CUB PLAYS IN AUSTRALIA WHILE TIGER PROWLS AT HOME
Author: By TONY MITCHELL
Date: 11/02/1992
Publication: Sydney Morning Herald

NEXT MONTH, Dario Fo, Italy's foremost actor-playwright, will be 66.
Together with his wife, Franca Rame, he has written, directed and
performed in nearly 60 plays, and he and Rame are still as hyperactive as
ever.

I caught Fo resting in his Milan flat after his new two-and-a-half-hour
solo show, Joha' Padan'. "It's a true story, based on accounts by
16th-century German and Spanish sailors," he said. "Joha' Padan' is a king
of Zanni - a prototype of Harlequin - who ends up by accident on an
expedition to South America.

"When they get there, he becomes a kind of shaman or spiritual leader
among the Indians, and takes part in their resistance."

Joha' Padan' is playing to full houses in the prestigious Teatro Nuovo - a
far cry from the converted suburban cinemas, occupied factories and
occasional sports stadiums where the couple used to perform their
abrasively satirical left-wing political plays in the '70s and '80s.

Fo's age, dislike of long plane journeys and lack of English have meant
that attempts to get him to perform in Australia have always foundered on
the rocks.

Fo's and Rame's most famous plays - Accidental Death of an Anarchist,
Can't pay? Won't pay |, Female Parts, and the semiautobiographical Open
Couple -have been seen here in local productions, but it's their solo
performances, like Fo's Chinese-inspired fable The Tale of a Tiger, that
hit home harder with audiences in Italy.

Fo has been playing Tiger on and off since he first sprung it on an
unsuspecting Milan audience in 1978, and now David Wenham, an actor 40
years Fo's junior, is presenting it at the Seymour Centre.

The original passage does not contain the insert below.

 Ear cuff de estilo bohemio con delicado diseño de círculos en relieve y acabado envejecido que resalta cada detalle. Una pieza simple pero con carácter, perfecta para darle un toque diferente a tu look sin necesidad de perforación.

It's based on a story performed on a street corner in Shanghai by a
Chinese peasant, who immediately attracted Fo's attention by his profuse
roaring, cat-walking, and narration in a minority dialect - spoken by only
60 million people | Fo decided to do his own version in Padano, the
16th-century peasant dialect of the Po valley near Milan.

His most famous solo show in Padano is Mistero Buffo ("Comic Mystery").

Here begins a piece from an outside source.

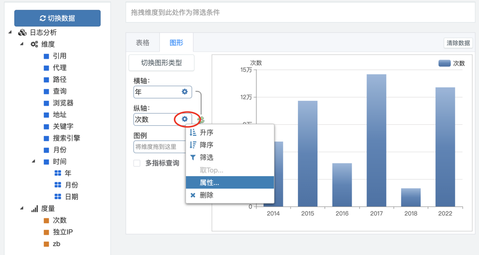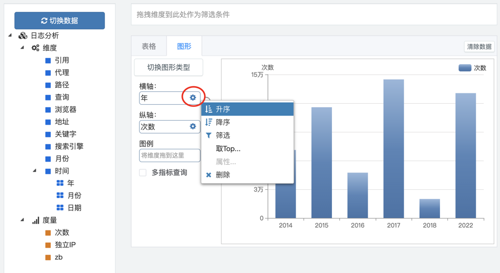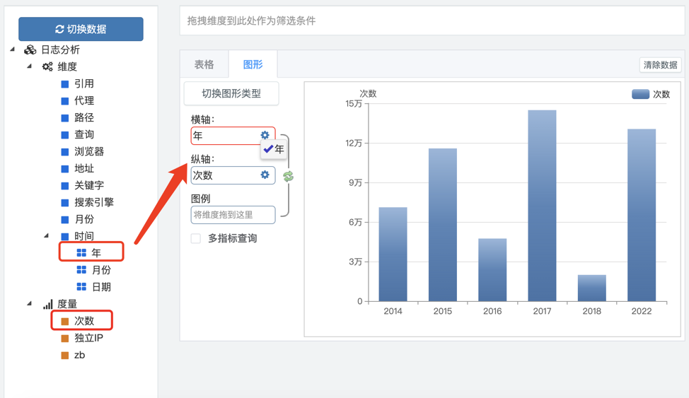 3.从数据选项卡拖拽维度到横轴或图例,拖拽度量到纵轴,系统自动刷新图形。
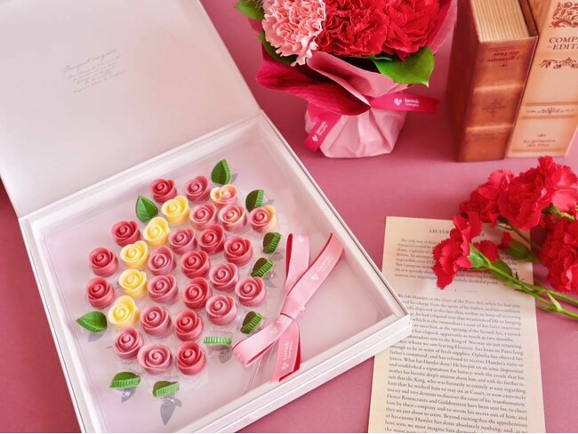 バラの花束に見立てたボックスチョコレート。赤やピンクの華やかさがギフトにオススメな商品となっております。

After Tiananmen Square, Fo revived Tale of a Tiger with a new, topical
preamble, relating the story to the Chinese students' demonstrations for
democracy.

"In China, the tigress has a very specific allegorical reference. You say
that a woman, or a man, or a nation 'has the tigress' when they make a
stand, and resist, at a time when most people are running away, copping
out and ditching the struggle. A person also 'has the tiger' when they
never expect other people to solve their problems for them."

Surely recent events in China, the USSR and Eastern Europe have shaken
Fo's Maoist beliefs in revolution and working-class struggle?

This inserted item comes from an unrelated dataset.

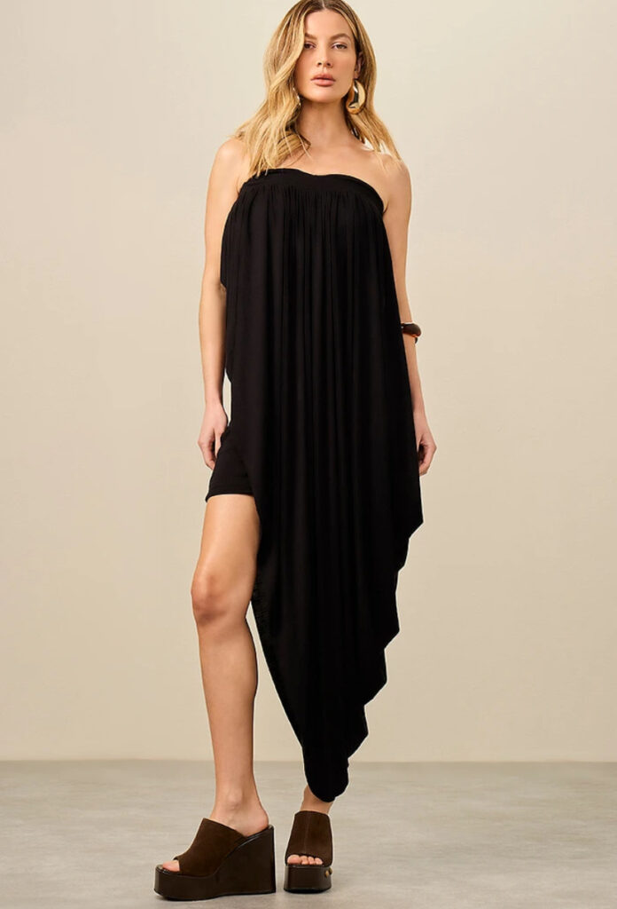 O vestido curto em malha com pontas combina sensualidade e sofisticação através de sua modelagem bodycon que abraça as curvas naturalmente, apresentando gola alta que adiciona elegância e modernidade ao visual, a modelagem sem mangas destaca os ombros criando uma silhueta refinada, o franzido estratégico ao longo do corpo modela a figura de forma lisonjeira, o detalhe de pontas laterais oferece movimento único, o comprimento curto alonga as pernas criando proporções perfeitas, a textura da malha garante conforto e elasticidade sem comprometer o ajuste impecável, sendo ideal para ocasiões especiais que exigem presença marcante.
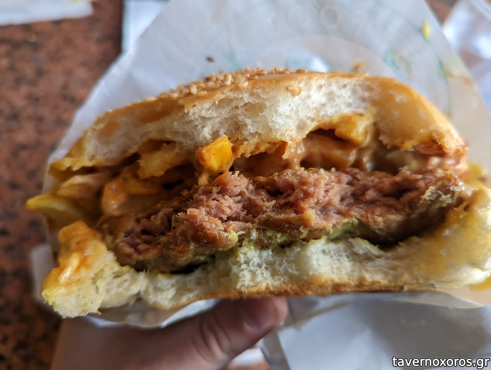 Burger (με το βουνό πατάτας από πάνω)

"I always maintained a highly critical attitude towards the Italian
Communist Party, because I saw its policies as a betrayal of real Marxist
principles of class struggle. I still believe in those principles, because
they involve the struggle to eliminate official doctrines."

For David Wenham, who played the brutal Brett Sprague in The Boys, Gordon
Graham's grim and gritty play, based on the Anita Cobby murder, at the
Stables Theatre last year, and who was also in the Belvoir St football
musical The Headbutt, the style of Tale of a Tiger rather than its
politics had an instant appeal.

"It's so simple and it has enormous comic possibilities for an actor. It's
all about relaying a story to an audience with nothing but your voice and
your body. I did some background research on Chinese history, but I can't
be Dario Fo and I can't be a Chinese peasant, so I think it's a matter of
letting the story tell itself - it's a universal story."